The data:
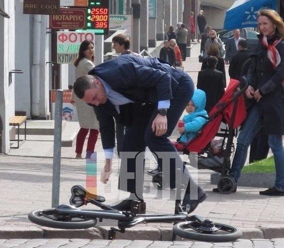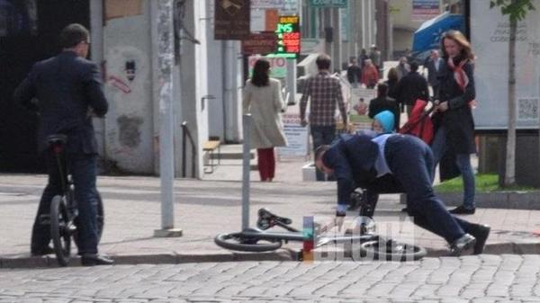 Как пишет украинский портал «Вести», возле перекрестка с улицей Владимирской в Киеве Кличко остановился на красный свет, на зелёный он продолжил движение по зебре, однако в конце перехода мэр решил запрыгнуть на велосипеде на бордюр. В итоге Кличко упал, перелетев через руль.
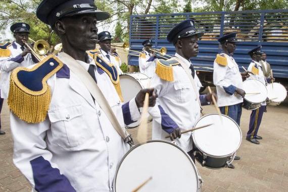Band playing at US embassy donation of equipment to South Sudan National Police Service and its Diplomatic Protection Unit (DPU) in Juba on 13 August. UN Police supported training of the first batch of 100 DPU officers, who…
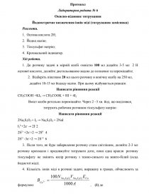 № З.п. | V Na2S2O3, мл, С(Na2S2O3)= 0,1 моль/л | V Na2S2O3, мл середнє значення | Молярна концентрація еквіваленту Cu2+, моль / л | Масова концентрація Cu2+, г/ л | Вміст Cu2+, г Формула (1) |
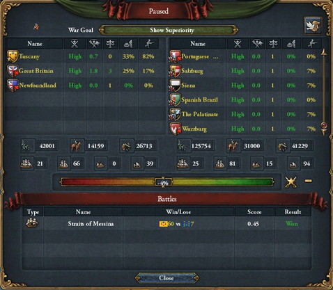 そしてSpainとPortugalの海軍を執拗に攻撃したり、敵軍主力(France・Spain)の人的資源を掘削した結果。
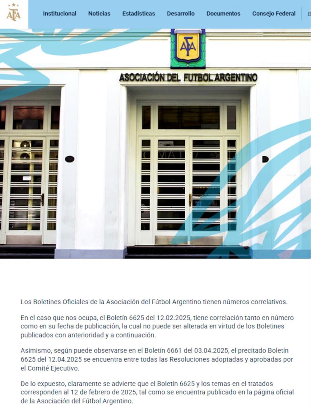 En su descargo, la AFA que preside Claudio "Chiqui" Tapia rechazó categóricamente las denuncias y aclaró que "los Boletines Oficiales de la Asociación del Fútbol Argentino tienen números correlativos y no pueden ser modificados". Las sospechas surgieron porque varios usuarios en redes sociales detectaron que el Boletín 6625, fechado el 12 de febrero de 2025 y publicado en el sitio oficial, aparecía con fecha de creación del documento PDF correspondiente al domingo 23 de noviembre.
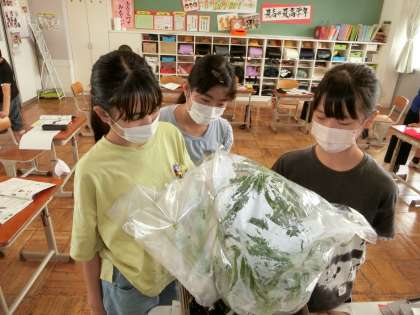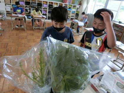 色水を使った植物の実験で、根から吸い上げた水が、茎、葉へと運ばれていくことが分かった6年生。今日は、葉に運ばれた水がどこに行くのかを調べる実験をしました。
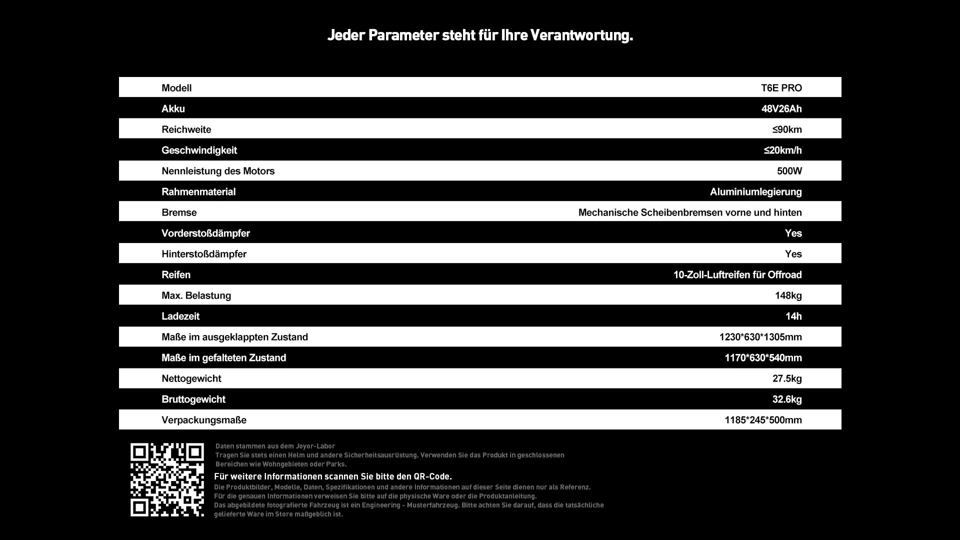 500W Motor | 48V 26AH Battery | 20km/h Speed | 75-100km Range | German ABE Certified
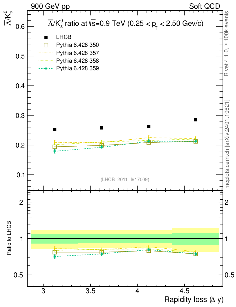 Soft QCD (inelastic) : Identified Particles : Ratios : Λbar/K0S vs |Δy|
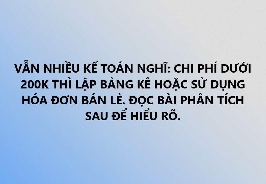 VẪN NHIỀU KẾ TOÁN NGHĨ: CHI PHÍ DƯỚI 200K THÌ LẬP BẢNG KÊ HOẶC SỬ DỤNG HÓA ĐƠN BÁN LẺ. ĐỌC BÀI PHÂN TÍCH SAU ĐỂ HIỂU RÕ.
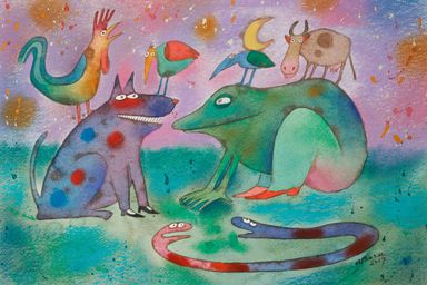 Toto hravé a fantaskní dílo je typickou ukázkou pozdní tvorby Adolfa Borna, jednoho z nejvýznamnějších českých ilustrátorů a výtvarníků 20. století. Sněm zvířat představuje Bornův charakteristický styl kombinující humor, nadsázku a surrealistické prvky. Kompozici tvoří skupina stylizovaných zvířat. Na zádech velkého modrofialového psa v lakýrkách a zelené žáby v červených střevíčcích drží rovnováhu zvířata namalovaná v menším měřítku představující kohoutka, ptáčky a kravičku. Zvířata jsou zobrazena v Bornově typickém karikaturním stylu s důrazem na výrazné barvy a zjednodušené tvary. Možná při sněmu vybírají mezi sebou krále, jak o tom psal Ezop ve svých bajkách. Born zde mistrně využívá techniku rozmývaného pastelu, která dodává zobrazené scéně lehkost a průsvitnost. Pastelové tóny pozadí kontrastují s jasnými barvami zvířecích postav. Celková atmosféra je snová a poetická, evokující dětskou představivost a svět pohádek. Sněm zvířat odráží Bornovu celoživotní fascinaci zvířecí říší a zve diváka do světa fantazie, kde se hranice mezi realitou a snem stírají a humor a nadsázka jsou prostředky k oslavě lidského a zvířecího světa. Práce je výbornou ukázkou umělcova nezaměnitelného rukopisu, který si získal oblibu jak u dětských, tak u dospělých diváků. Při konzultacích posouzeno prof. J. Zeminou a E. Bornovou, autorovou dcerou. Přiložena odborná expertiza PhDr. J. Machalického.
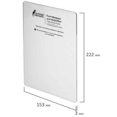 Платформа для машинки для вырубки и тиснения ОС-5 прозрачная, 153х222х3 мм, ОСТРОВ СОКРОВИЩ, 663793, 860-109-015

Task brief:
Print the entries above exactly, leaving pictures out.

Solution for this task:
 Как пишет украинский портал «Вести», возле перекрестка с улицей Владимирской в Киеве Кличко остановился на красный свет, на зелёный он продолжил движение по зебре, однако в конце перехода мэр решил запрыгнуть на велосипеде на бордюр. В итоге Кличко упал, перелетев через руль.
Band playing at US embassy donation of equipment to South Sudan National Police Service and its Diplomatic Protection Unit (DPU) in Juba on 13 August. UN Police supported training of the first batch of 100 DPU officers, who…
 № З.п. | V Na2S2O3, мл, С(Na2S2O3)= 0,1 моль/л | V Na2S2O3, мл середнє значення | Молярна концентрація еквіваленту Cu2+, моль / л | Масова концентрація Cu2+, г/ л | Вміст Cu2+, г Формула (1) |
 そしてSpainとPortugalの海軍を執拗に攻撃したり、敵軍主力(France・Spain)の人的資源を掘削した結果。
 En su descargo, la AFA que preside Claudio "Chiqui" Tapia rechazó categóricamente las denuncias y aclaró que "los Boletines Oficiales de la Asociación del Fútbol Argentino tienen números correlativos y no pueden ser modificados". Las sospechas surgieron porque varios usuarios en redes sociales detectaron que el Boletín 6625, fechado el 12 de febrero de 2025 y publicado en el sitio oficial, aparecía con fecha de creación del documento PDF correspondiente al domingo 23 de noviembre.
 色水を使った植物の実験で、根から吸い上げた水が、茎、葉へと運ばれていくことが分かった6年生。今日は、葉に運ばれた水がどこに行くのかを調べる実験をしました。
 500W Motor | 48V 26AH Battery | 20km/h Speed | 75-100km Range | German ABE Certified
 Soft QCD (inelastic) : Identified Particles : Ratios : Λbar/K0S vs |Δy|
 VẪN NHIỀU KẾ TOÁN NGHĨ: CHI PHÍ DƯỚI 200K THÌ LẬP BẢNG KÊ HOẶC SỬ DỤNG HÓA ĐƠN BÁN LẺ. ĐỌC BÀI PHÂN TÍCH SAU ĐỂ HIỂU RÕ.
 Toto hravé a fantaskní dílo je typickou ukázkou pozdní tvorby Adolfa Borna, jednoho z nejvýznamnějších českých ilustrátorů a výtvarníků 20. století. Sněm zvířat představuje Bornův charakteristický styl kombinující humor, nadsázku a surrealistické prvky. Kompozici tvoří skupina stylizovaných zvířat. Na zádech velkého modrofialového psa v lakýrkách a zelené žáby v červených střevíčcích drží rovnováhu zvířata namalovaná v menším měřítku představující kohoutka, ptáčky a kravičku. Zvířata jsou zobrazena v Bornově typickém karikaturním stylu s důrazem na výrazné barvy a zjednodušené tvary. Možná při sněmu vybírají mezi sebou krále, jak o tom psal Ezop ve svých bajkách. Born zde mistrně využívá techniku rozmývaného pastelu, která dodává zobrazené scéně lehkost a průsvitnost. Pastelové tóny pozadí kontrastují s jasnými barvami zvířecích postav. Celková atmosféra je snová a poetická, evokující dětskou představivost a svět pohádek. Sněm zvířat odráží Bornovu celoživotní fascinaci zvířecí říší a zve diváka do světa fantazie, kde se hranice mezi realitou a snem stírají a humor a nadsázka jsou prostředky k oslavě lidského a zvířecího světa. Práce je výbornou ukázkou umělcova nezaměnitelného rukopisu, který si získal oblibu jak u dětských, tak u dospělých diváků. Při konzultacích posouzeno prof. J. Zeminou a E. Bornovou, autorovou dcerou. Přiložena odborná expertiza PhDr. J. Machalického.
 Платформа для машинки для вырубки и тиснения ОС-5 прозрачная, 153х222х3 мм, ОСТРОВ СОКРОВИЩ, 663793, 860-109-015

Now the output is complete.